Figure 2 with 3 supplements
Iterative Bayesian algorithm converges upon a set of cell clusters and local transitions that together define a multi-potent lineage tree.
(A) Iterative determination of the most likely sets of transitions and re-clustering of cells in the resulting subspace of transition and marker genes, starting from a seed set of cluster identities . With each iteration, the cluster identities as well as the total number of clusters change, as shown by the Seurat t-SNE maps (each dot represents a cell, colored based on its cluster identity).

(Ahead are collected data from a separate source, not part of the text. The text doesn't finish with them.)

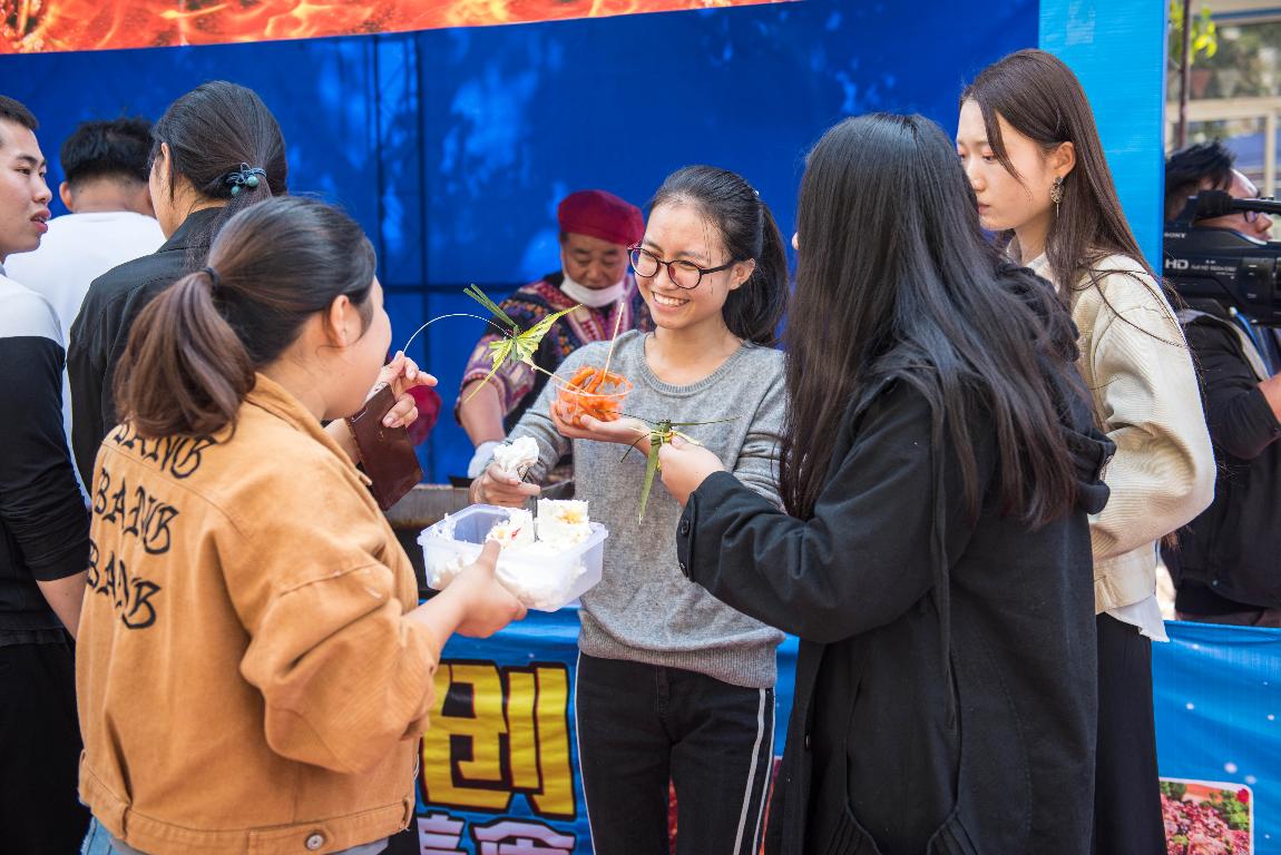 美食嘉年华的现场,人头攒动,热闹非凡。近30多家摊位摆满了各种各样的菜肴、风味特色小吃,今年还特别引入了国家级非物质文化遗产民俗文化展览,各种手工艺作品美轮美奂。美食文化节活动吸引了广大师生前来观赏品尝。
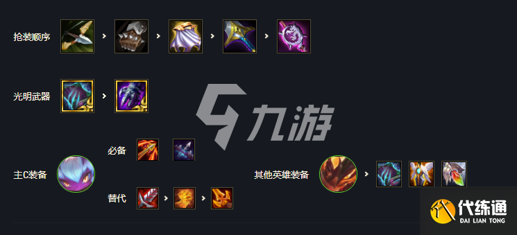 然后在装备分配上,主要是给小跑飓风和穿甲弓,第三件可以给小炮饮血,正义或者是杀人剑,凯南可以给复活甲和鬼书,或者是救赎。
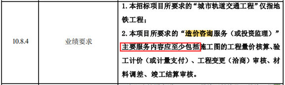 8.招标文件中资格审查及评分办法业绩均有要求下列业绩之一:(1)城市轨道交通工程土建工程和城市轨道交通工程机电设备采购的造价咨询服务(或投资监理)业绩;(2)城市轨道交通工程土建工程和城市轨道交通工程机电设备安装工程的造价咨询服务(或投资监理)业绩;
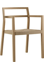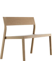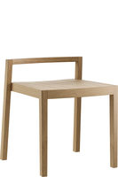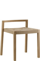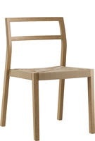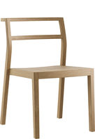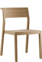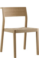 Assise en contreplaqué moulé, dossier ouvert, pieds arrière solides et incurvés, empilables.
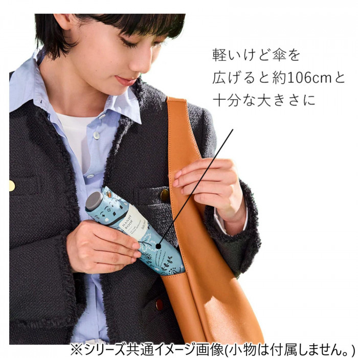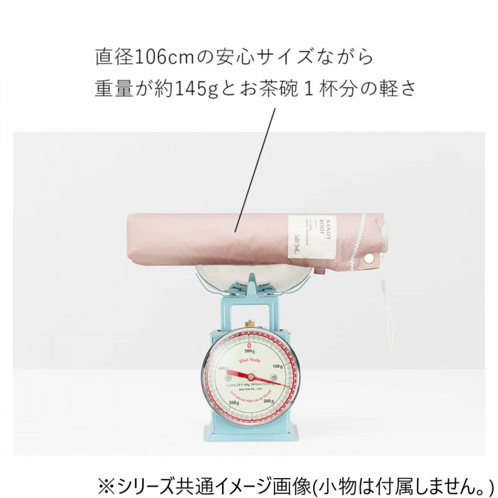 | サイズ | 直径:約106cm、全長:約58cm、親骨:60cm、収納時:H24.5×W4.5cm(直径) 個装サイズ:24.6×5.4×5.0cm |

The inferred sets of transitions between clusters at each iteration are represented as a lineage tree (each circle represents a cell cluster). After five iterations, the algorithm converged upon a set of 9 clusters (shown in box). (See also Figure 2—figure supplement 2). (B) Left: Top ten genes (x-axis) with highest probability of being marker genes for clusters C1 (yellow), C2 (light red) and C3 (light green) plotted against their probability of being marker genes. Right: Cell-cell correlation matrix computed using these 30 marker genes for the 108 cells belonging to clusters C1, C2 and C3 shows three clear blocks of high correlation along the diagonal. (C) Left: Top ten genes (x-axis) with highest probability of being transitioned genes for clusters C1, C2 and C3, plotted against their probability of being transitioned genes (y-axis). The transition genes belong to one of two classes, those that show high expression in cells belonging to C1 and C2 but low expression in C3 (red), and those expressed at high levels in cells in clusters C1 and C3 but low levels in C2 (green). The cell-cell correlation matrix computed using these 20 transition genes shows that the 29 cells belonging to cluster C1have intermediate levels of correlation with cells in both C2 and C3, whereas the 46 cells in C2 show low correlation levels with the 33 cells in C3. (D) The global cell-cell correlation matrix computed for all 288 cells using the 889 genes used for the final iteration of clustering shows a barely detectable structure. (E) The inferred clusters and their lineage relationships can be represented in a three-dimensional coordinate system where the x- and y- axes are the normalized log expression level of the two classes of transition genes (genes in Figure 2B, left) and the z-axis measures the normalized log expression level of the marker genes for cluster C1 (Figure 2A left in yellow). Each dot represents a single cell, and cells are colored based on their cluster identity.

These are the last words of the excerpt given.